EXERCISE BRIEF ::
The lines from the one containing "Introducing the Valentino" to the end of the entries, both included, are what you need to transcribe exactly, without pictures and without anything else.

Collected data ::
== Segment start ==
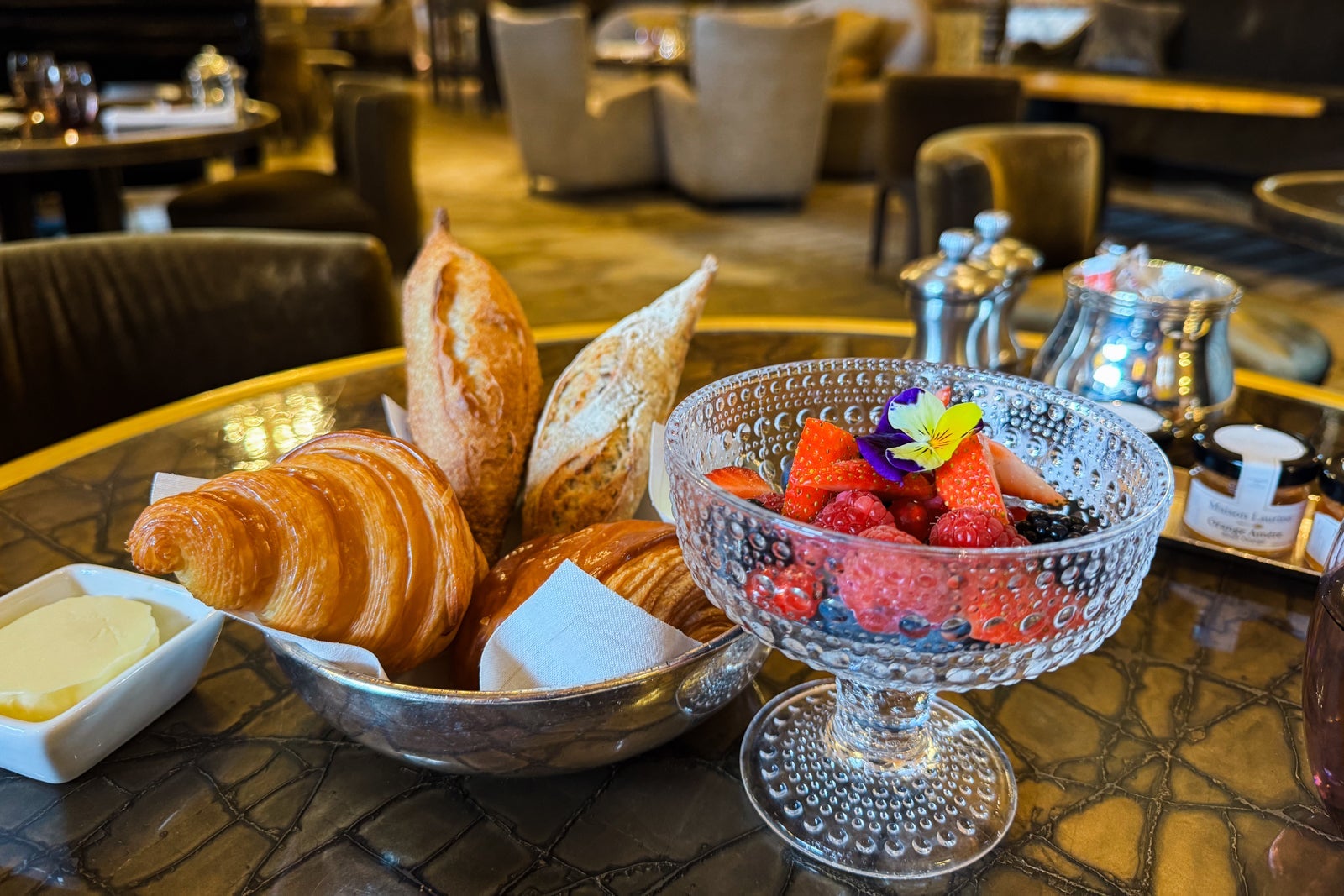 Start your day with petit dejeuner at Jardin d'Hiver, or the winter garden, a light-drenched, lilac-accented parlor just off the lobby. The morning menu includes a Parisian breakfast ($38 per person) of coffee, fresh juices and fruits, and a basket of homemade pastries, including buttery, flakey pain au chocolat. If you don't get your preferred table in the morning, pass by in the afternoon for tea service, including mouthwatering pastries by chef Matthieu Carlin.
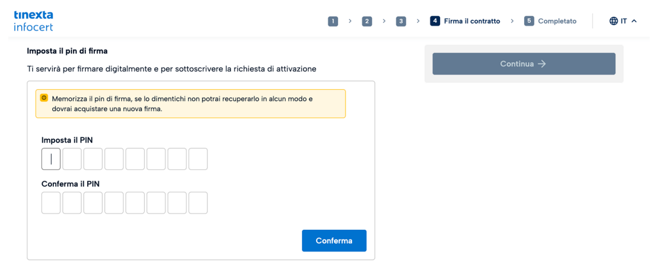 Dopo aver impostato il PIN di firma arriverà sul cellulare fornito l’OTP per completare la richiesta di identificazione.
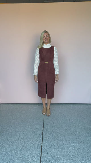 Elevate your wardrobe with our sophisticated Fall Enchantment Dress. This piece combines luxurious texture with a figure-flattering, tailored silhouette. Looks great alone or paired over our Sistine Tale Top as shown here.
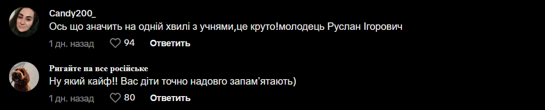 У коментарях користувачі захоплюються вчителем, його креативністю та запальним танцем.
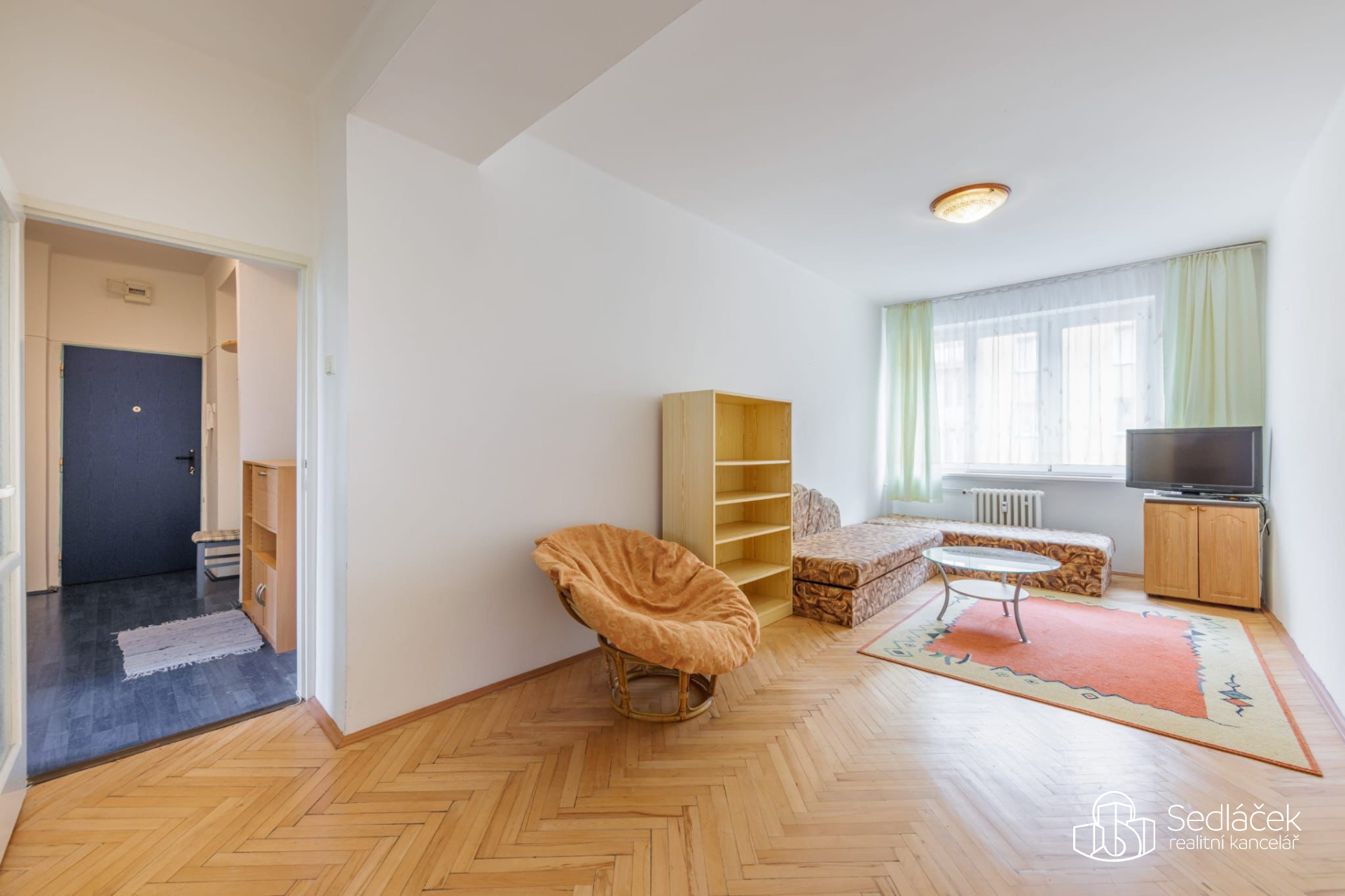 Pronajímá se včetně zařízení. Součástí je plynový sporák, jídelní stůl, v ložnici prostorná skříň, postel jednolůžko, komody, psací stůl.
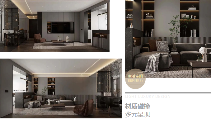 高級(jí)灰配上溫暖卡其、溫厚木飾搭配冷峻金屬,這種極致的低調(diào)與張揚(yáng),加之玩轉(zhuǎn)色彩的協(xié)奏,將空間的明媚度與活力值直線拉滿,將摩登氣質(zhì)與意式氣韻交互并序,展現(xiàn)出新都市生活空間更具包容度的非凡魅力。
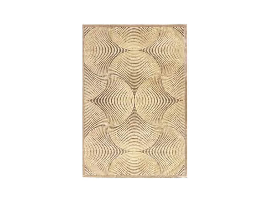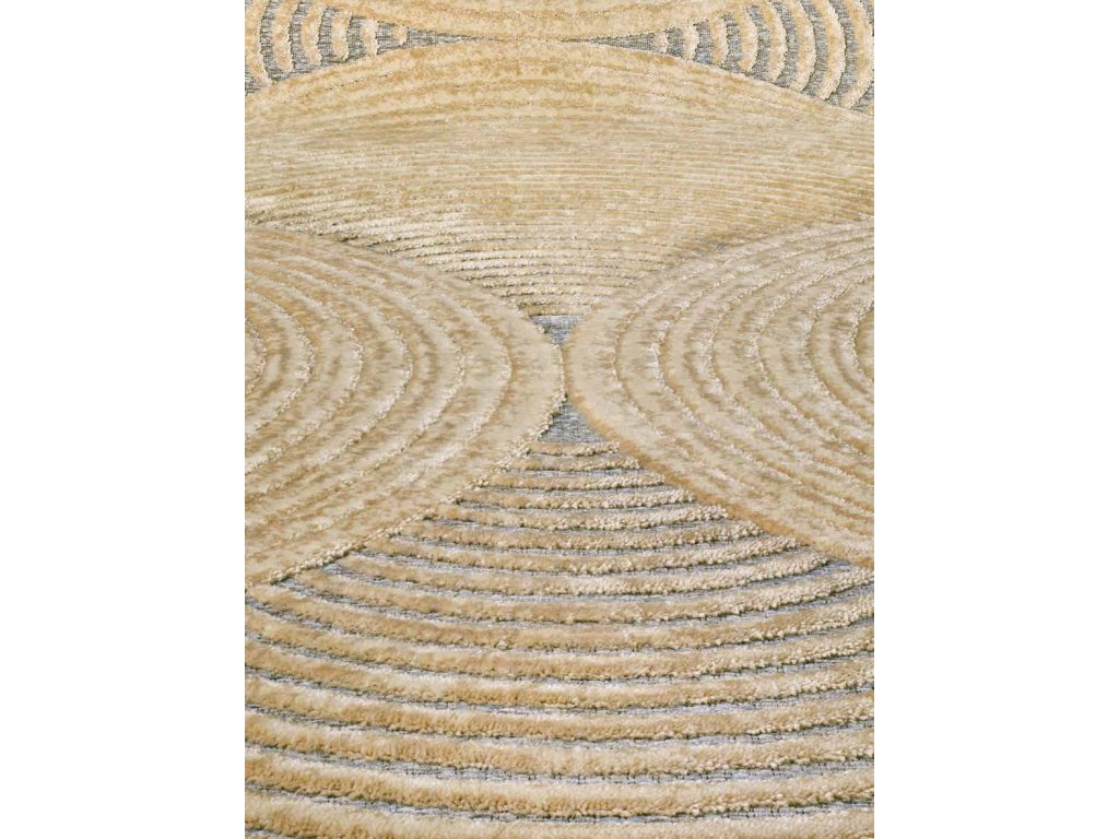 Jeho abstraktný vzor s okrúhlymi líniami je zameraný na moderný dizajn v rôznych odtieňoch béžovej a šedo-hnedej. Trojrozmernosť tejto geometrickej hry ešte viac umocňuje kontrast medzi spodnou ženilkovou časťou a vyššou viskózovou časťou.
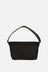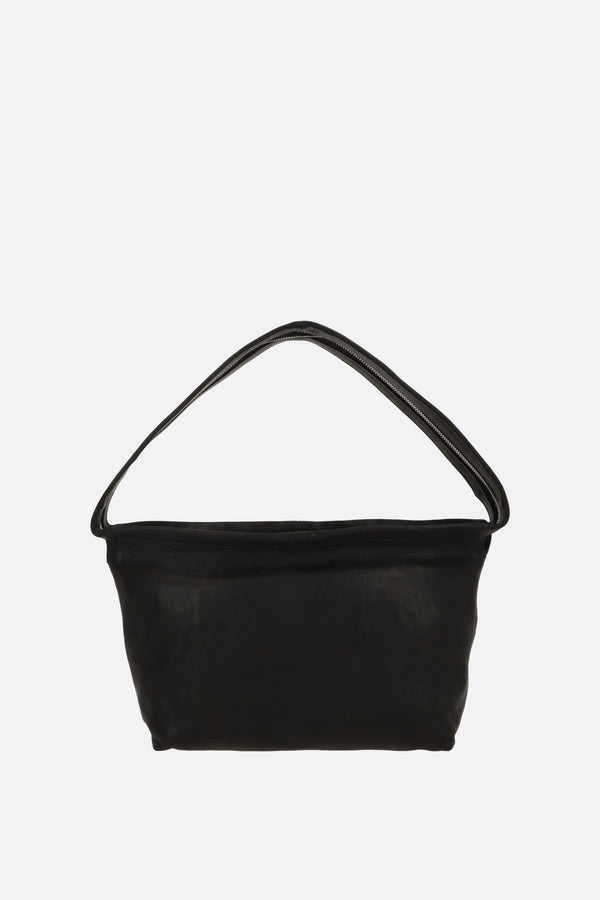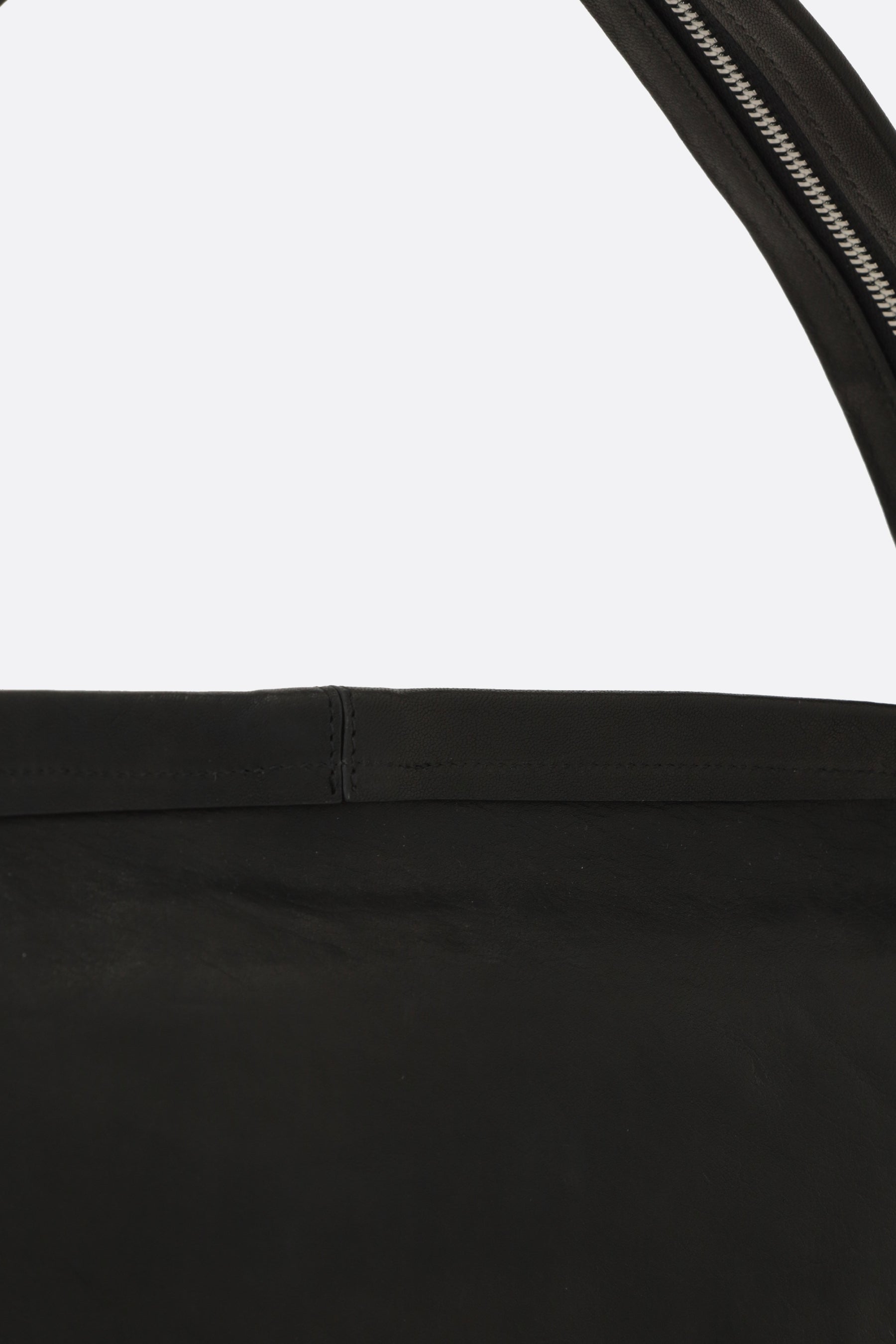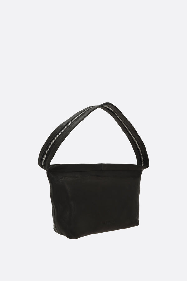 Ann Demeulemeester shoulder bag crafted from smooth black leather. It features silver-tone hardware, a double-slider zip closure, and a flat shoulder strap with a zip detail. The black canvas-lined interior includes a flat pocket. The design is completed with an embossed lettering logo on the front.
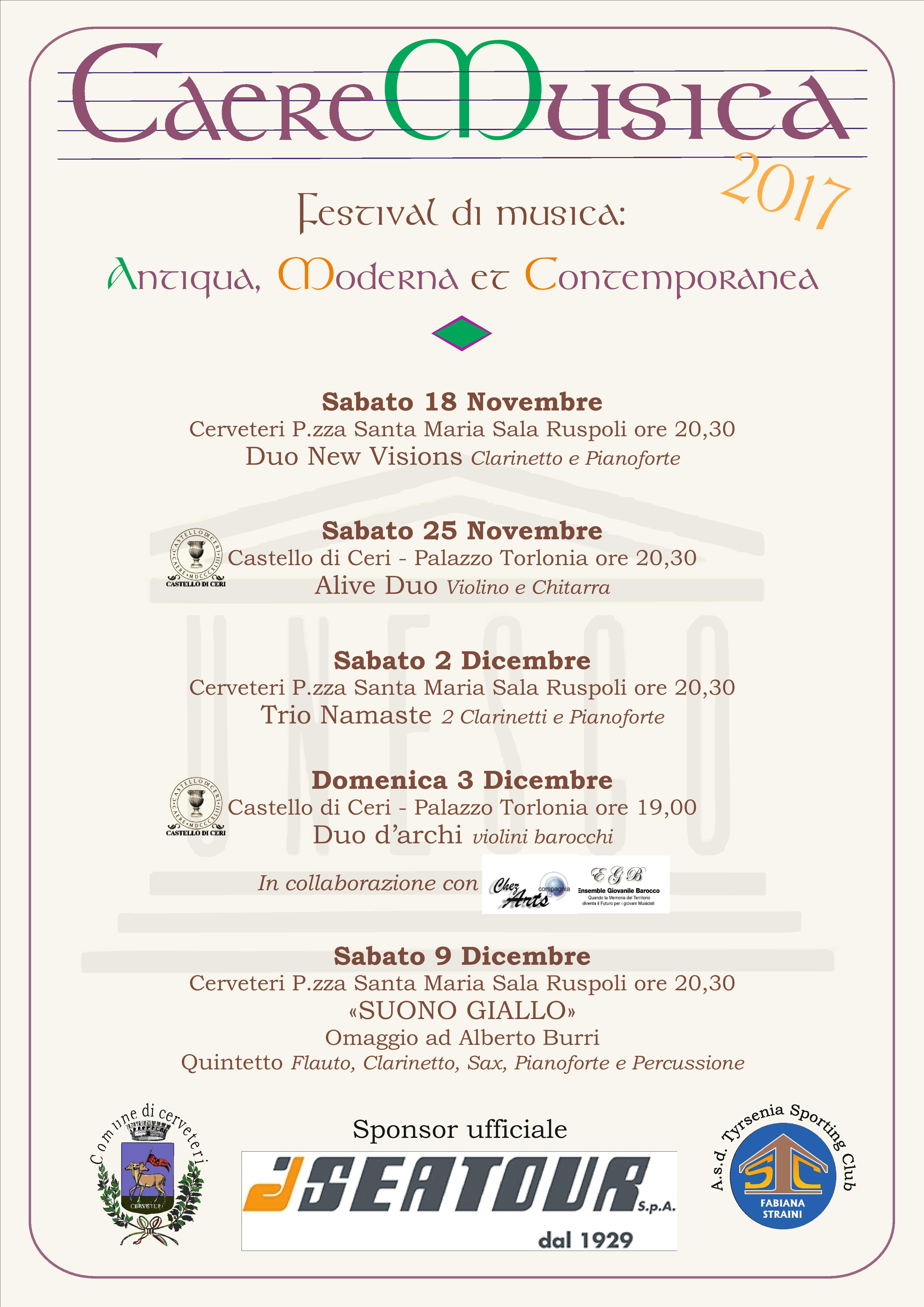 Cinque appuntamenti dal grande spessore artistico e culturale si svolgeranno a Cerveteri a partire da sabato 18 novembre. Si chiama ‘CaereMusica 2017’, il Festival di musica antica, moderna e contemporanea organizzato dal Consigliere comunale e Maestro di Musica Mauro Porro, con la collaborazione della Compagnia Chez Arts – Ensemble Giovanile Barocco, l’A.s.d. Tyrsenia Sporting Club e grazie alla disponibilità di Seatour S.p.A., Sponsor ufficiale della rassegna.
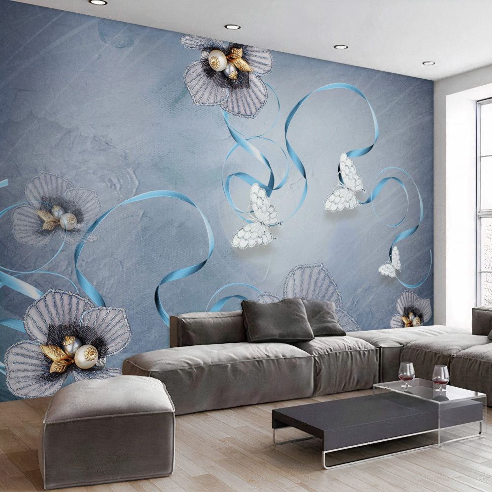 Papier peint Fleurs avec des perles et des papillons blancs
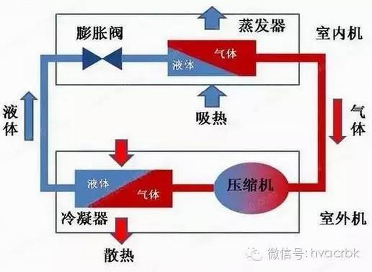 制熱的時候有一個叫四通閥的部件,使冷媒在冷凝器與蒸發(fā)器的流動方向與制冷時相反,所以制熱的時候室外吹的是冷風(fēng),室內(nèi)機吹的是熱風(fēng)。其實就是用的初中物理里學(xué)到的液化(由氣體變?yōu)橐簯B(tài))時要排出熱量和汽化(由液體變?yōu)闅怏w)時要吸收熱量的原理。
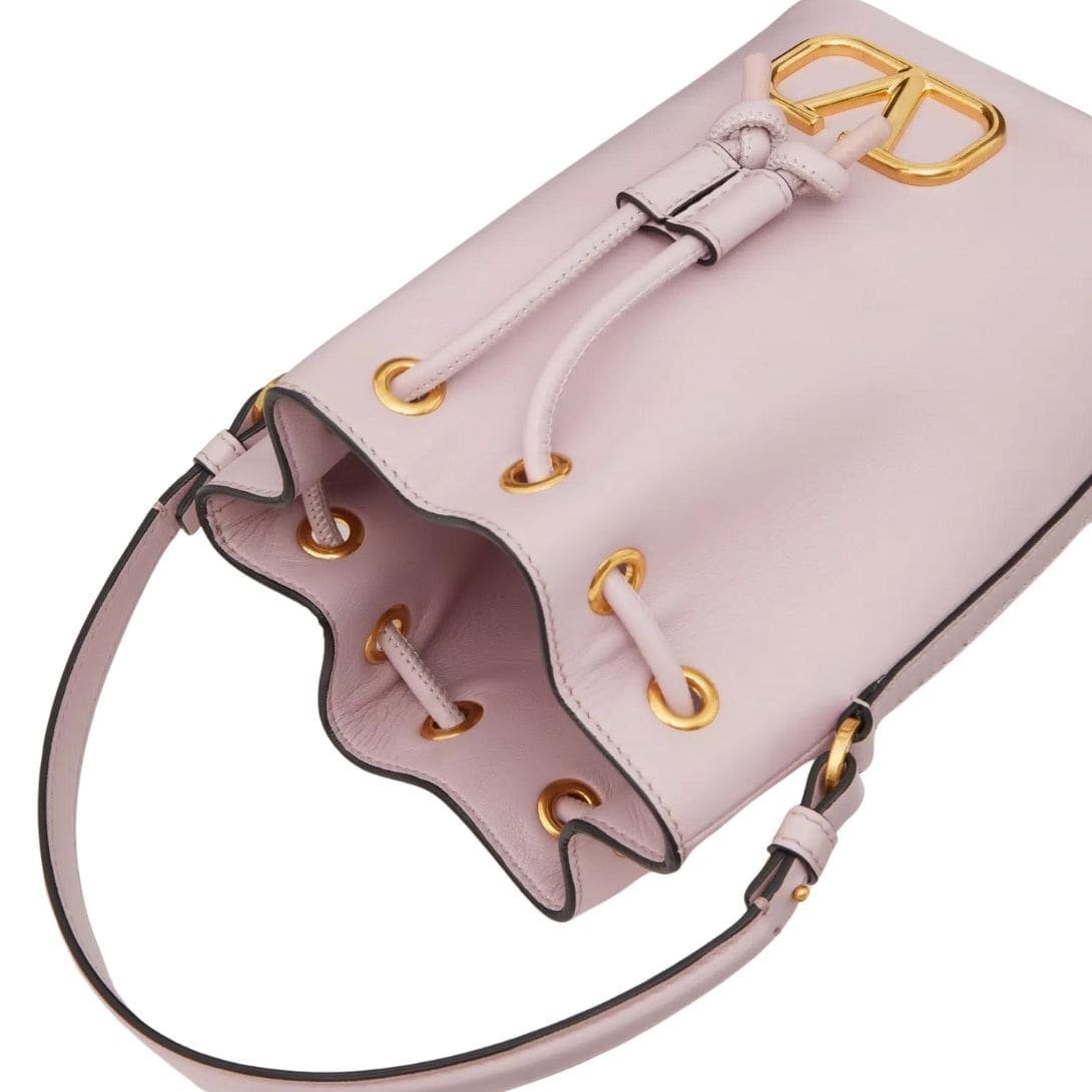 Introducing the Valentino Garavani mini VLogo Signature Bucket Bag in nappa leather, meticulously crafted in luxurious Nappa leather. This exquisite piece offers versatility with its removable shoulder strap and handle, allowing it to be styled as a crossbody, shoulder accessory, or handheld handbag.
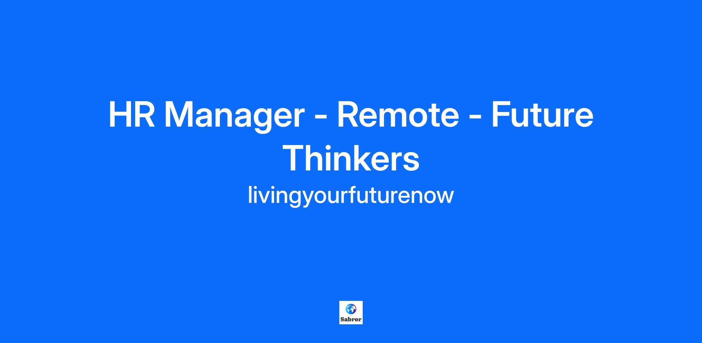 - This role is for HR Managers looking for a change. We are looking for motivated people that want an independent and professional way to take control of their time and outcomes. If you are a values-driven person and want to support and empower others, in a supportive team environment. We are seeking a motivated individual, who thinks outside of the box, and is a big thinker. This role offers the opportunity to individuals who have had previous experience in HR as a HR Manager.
== Segment end ==
YOUR RESPONSE ::
 Introducing the Valentino Garavani mini VLogo Signature Bucket Bag in nappa leather, meticulously crafted in luxurious Nappa leather. This exquisite piece offers versatility with its removable shoulder strap and handle, allowing it to be styled as a crossbody, shoulder accessory, or handheld handbag.
 - This role is for HR Managers looking for a change. We are looking for motivated people that want an independent and professional way to take control of their time and outcomes. If you are a values-driven person and want to support and empower others, in a supportive team environment. We are seeking a motivated individual, who thinks outside of the box, and is a big thinker. This role offers the opportunity to individuals who have had previous experience in HR as a HR Manager.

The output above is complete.